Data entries
================================

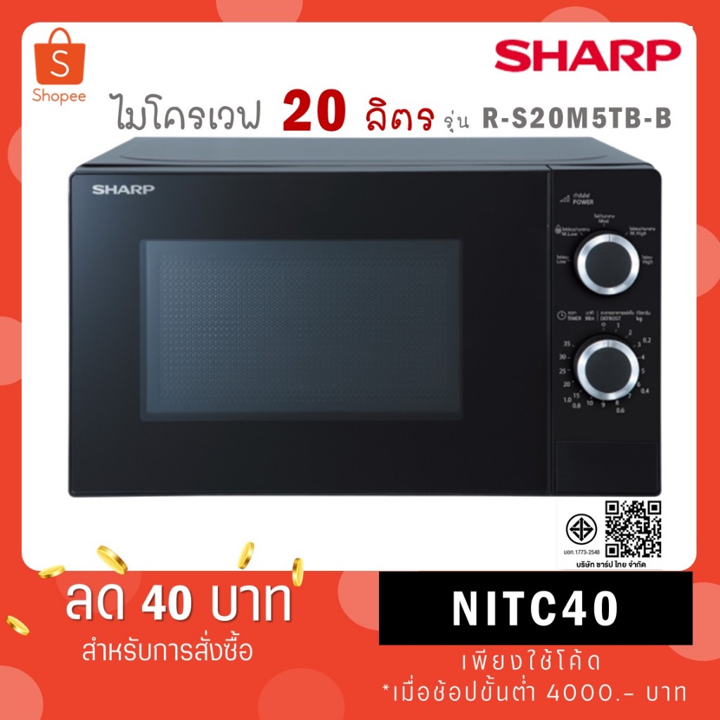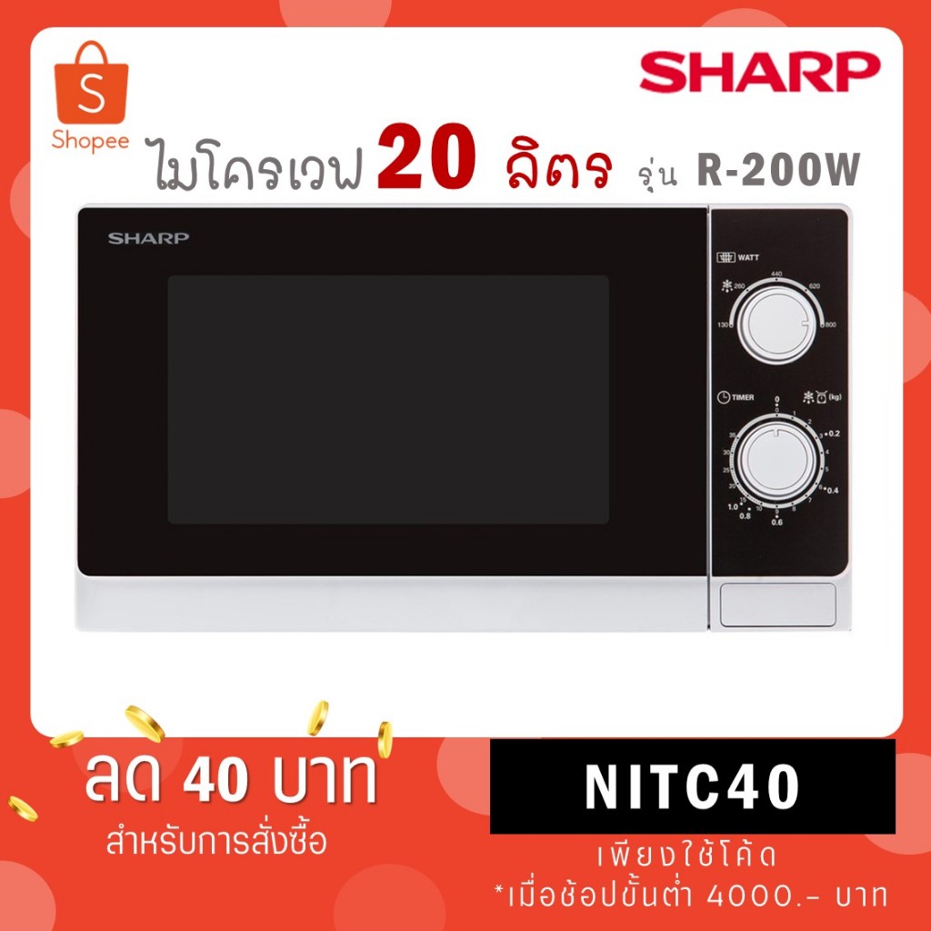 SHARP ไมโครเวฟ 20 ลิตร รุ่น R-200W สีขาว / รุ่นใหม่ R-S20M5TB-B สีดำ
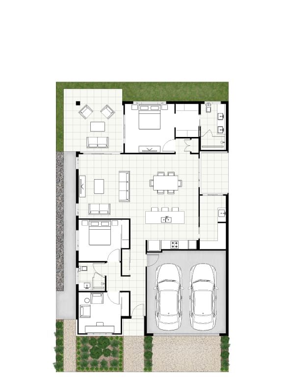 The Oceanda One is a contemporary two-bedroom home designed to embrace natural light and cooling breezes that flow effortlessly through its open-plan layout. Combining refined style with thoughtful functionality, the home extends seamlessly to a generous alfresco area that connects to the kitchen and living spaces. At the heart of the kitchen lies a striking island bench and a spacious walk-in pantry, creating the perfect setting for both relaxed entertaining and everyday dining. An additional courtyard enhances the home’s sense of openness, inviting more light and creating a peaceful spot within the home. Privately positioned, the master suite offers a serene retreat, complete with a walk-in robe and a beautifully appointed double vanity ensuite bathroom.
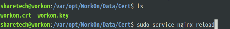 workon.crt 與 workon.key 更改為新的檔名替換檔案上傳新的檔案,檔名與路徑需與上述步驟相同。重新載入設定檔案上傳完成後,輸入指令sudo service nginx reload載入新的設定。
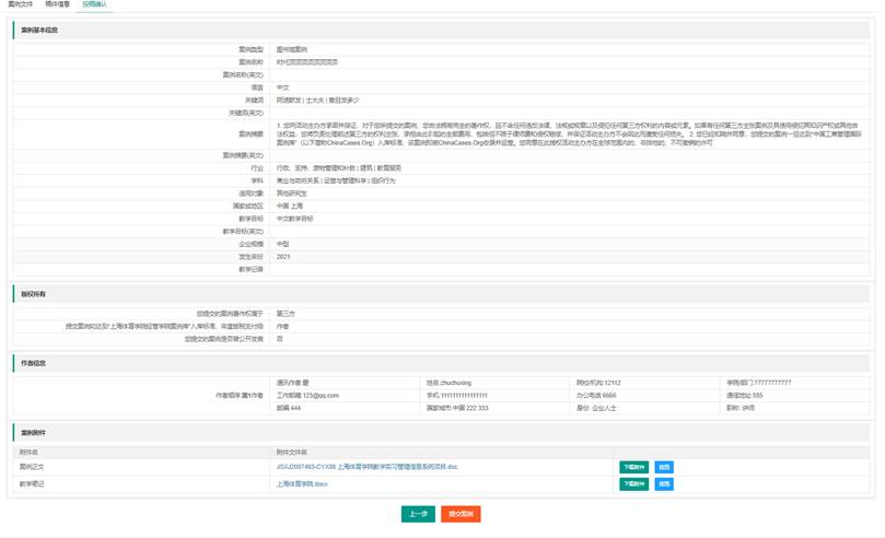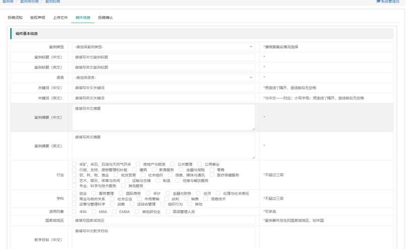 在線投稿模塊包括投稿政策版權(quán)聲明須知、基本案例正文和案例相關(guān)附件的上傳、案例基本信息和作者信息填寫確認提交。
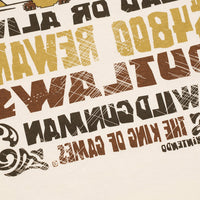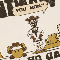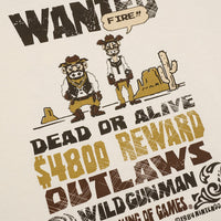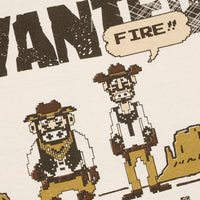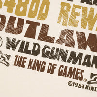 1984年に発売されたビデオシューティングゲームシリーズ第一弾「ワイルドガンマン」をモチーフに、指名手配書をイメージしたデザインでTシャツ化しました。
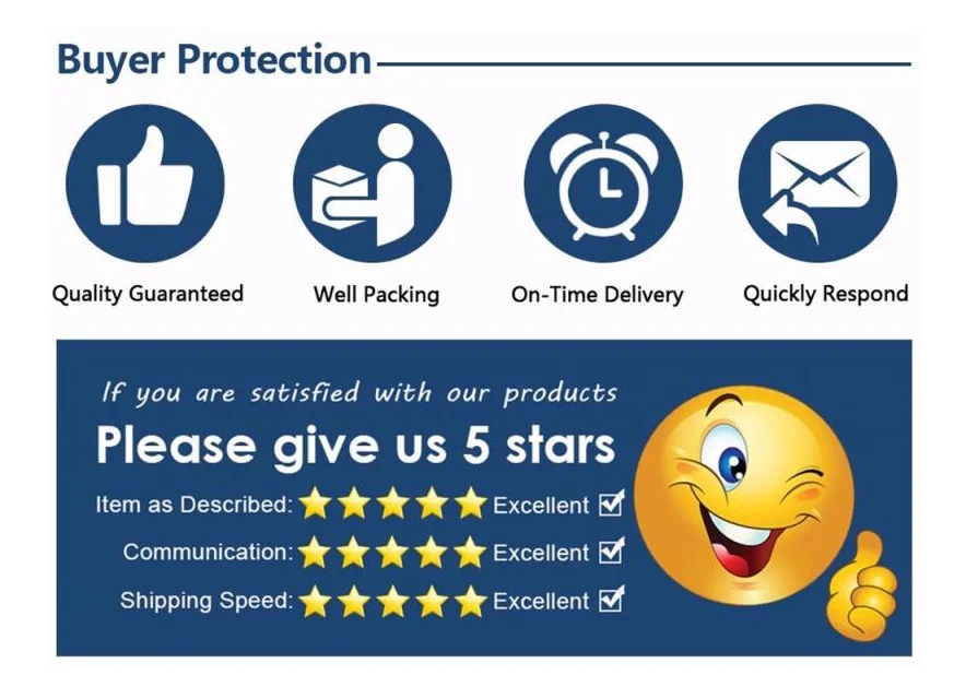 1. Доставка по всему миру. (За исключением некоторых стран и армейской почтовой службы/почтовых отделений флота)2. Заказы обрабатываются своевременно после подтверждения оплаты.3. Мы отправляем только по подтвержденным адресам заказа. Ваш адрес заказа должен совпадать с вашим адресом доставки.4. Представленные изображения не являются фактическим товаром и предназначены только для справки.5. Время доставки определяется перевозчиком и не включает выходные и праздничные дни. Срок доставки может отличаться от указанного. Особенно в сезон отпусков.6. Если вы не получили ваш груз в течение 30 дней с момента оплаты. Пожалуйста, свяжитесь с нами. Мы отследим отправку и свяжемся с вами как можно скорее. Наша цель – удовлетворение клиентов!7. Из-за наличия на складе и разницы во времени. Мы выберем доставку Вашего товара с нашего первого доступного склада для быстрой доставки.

================================

◆ **Work request**: An acceptable answer consists of the lines above from the one holding "1984年に発売されたビデオ" to the end of the data, repeated exactly and containing no pictures.

◆ **Exercise result**:
 1984年に発売されたビデオシューティングゲームシリーズ第一弾「ワイルドガンマン」をモチーフに、指名手配書をイメージしたデザインでTシャツ化しました。
 1. Доставка по всему миру. (За исключением некоторых стран и армейской почтовой службы/почтовых отделений флота)2. Заказы обрабатываются своевременно после подтверждения оплаты.3. Мы отправляем только по подтвержденным адресам заказа. Ваш адрес заказа должен совпадать с вашим адресом доставки.4. Представленные изображения не являются фактическим товаром и предназначены только для справки.5. Время доставки определяется перевозчиком и не включает выходные и праздничные дни. Срок доставки может отличаться от указанного. Особенно в сезон отпусков.6. Если вы не получили ваш груз в течение 30 дней с момента оплаты. Пожалуйста, свяжитесь с нами. Мы отследим отправку и свяжемся с вами как можно скорее. Наша цель – удовлетворение клиентов!7. Из-за наличия на складе и разницы во времени. Мы выберем доставку Вашего товара с нашего первого доступного склада для быстрой доставки.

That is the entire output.